Supporting the family member who has BPD

From: Borderline personality disorder: An information guide for families. (© 2009 CAMH)

On this page:

How can I support a person with BPD in seeking treatment?

How can I support my family member during treatment?

How can I support a person with BPD in seeking treatment?

Taking the steps to get help for a mental health problem can often seem overwhelming and frightening, even more so if the person has had distressing experiences in earlier contacts with the mental health treatment system. This is particularly true for people with BPD because of the complexity of their problems and the perception that they are “treatment resistant.” As well, the person with BPD may not be able to see the value of treatment, particularly if prior treatment has not worked for them, and they may respond angrily or defensively to suggestions that they go for help.

Sometimes even asking for help can be difficult for someone whose culture does not encourage counselling or outside help. They may have difficulty finding the service they need because the counsel-ling is not available or when it is, it is not in their language. You could contact your local cultural group to find out about culturally specific services or request an interpreter to work with the available treatment services.

If a person also has a substance use problem or some other problem that is the responsibility of “another system,” he or she may have been turned away and told to go elsewhere. Unfortunately in some communities, the mental health and substance abuse treatment systems are not well coordinated, but progress is being made in many communities to better integrate them.

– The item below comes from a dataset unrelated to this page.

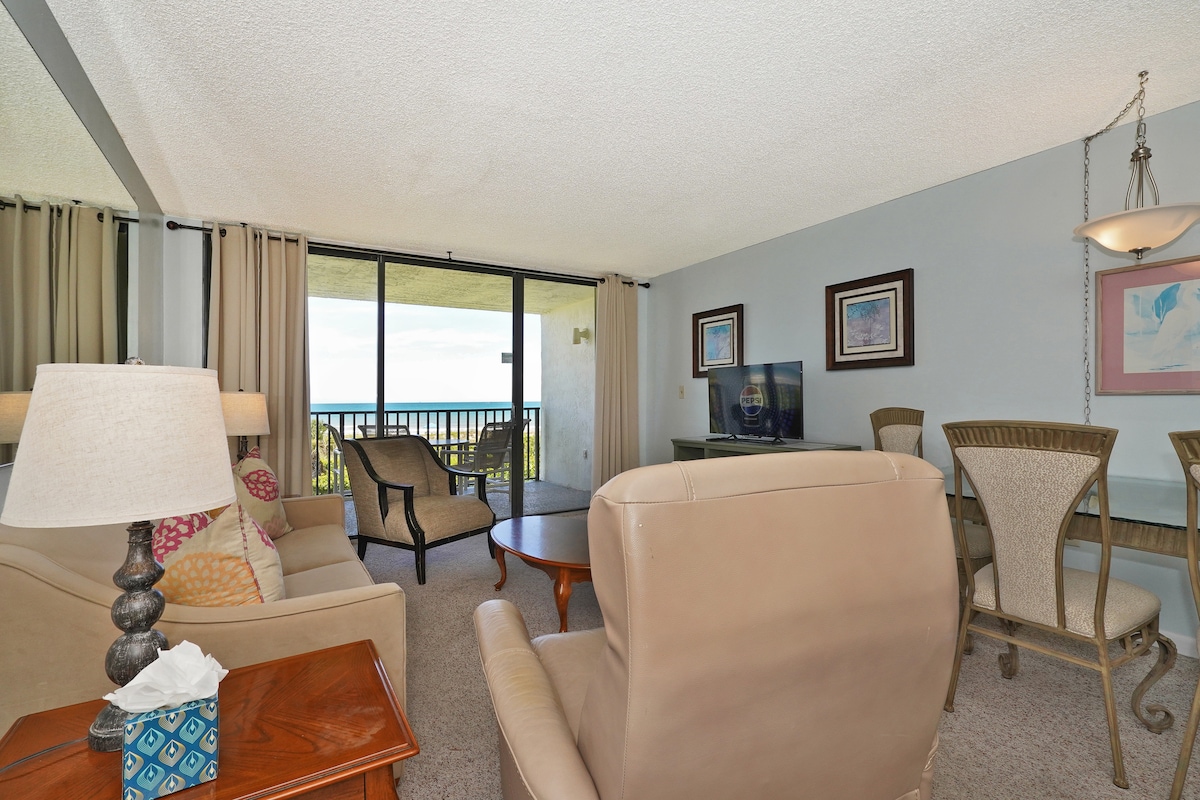 Savor Panoramic Ocean Views from the private balcony of this Beachfront second-floor condo. * Private beach access from backyard * Oceanfront balcony with comfortable seating * Convenient downtown Cocoa Beach location * Bedroom with King bed * Full kitchen with stainless steel appliances * 2 Smart TVs with cable * Free WiFi * Free assigned parking space * Full bathroom * In-unit washer and dryer * Full-sized foldout couch * Beach gear and towels * Complimentary toiletries, coffee and tea

In the past, it was felt that “confronting” a family member about his or her problems would induce the person to accept treatment. In fact it often had the opposite effect. We cannot make someone go for treatment if they do not want to, however, there are some steps you can take to support your affected family member if and when they are ready to consider treatment:

  • Learn about borderline personality disorder. It is important to understand that your affected family member has a health problem as much as anyone with a physical health problem, and that the behaviours you are observing are the symptoms of this health problem. It is also helpful to understand that BPD is a result of the interaction between genetic, biological and environmental vulnerabilities, rather than behaviours that the person has developed as a result of their own actions or intentions. Useful print materials and websites are listed at the end of this booklet.
  • Find out about treatment resources in your community. Talking to your family doctor can be a good place to start to find out what kind of assistance your family member needs and what is available. You can also contact the Mental Health Service Information Ontario line (see p. 43) or your local branch of the Canadian Mental Health Association (see p. 47) if you have one. Other places to contact for help include psychiatric services at your local hospital, community mental health clinics, health and social service agencies serving specific cultural or language groups, your spiritual leader or faith-based counselling services, or a counsellor with your workplace Employee Assistance Program.
  • Ask questions like these to determine the best match to the needs of your affected family member:
    1. Where is the facility located?
    2. Is it community- or hospital-based?
    3. Is the program outpatient, day or residential?
    4. What are the admission criteria and how does your family member get referred to the facility?
    5. What type and length of program(s) is offered? Is it a specialized treatment program for BPD?
    6. What languages are services offered in? Are translation services available?
    7. What levels of professional staff are employed by the facility?
    8. Is there an aftercare or continuing care program?
    9. What level of involvement is available to family members? Is there a program for family members?
    10. If your affected family member is female, is a female therapist available for individual counselling?
    11. If your affected family member is female and if treatment is offered in groups, are they (co-)facilitated by a female therapist?
    12. If the program is residential, are female-only areas such as sleeping areas provided?
    13. If your affected family member has dependent children, is there any child care and/or programming available for children?
    14. Is there a fee?
  • Assist your family member to make an appointment.
  • Offer to accompany her or him to the appointment if she or he would like your support.
  • Obtain support for yourself either by attending a professionally run treatment/support program for family members or by attending a mutual-aid group. Education and support from others can help you in your relationship with your affected family member and may encourage him or her to seek help.
  • Take care of yourself and encourage other family members to do the same.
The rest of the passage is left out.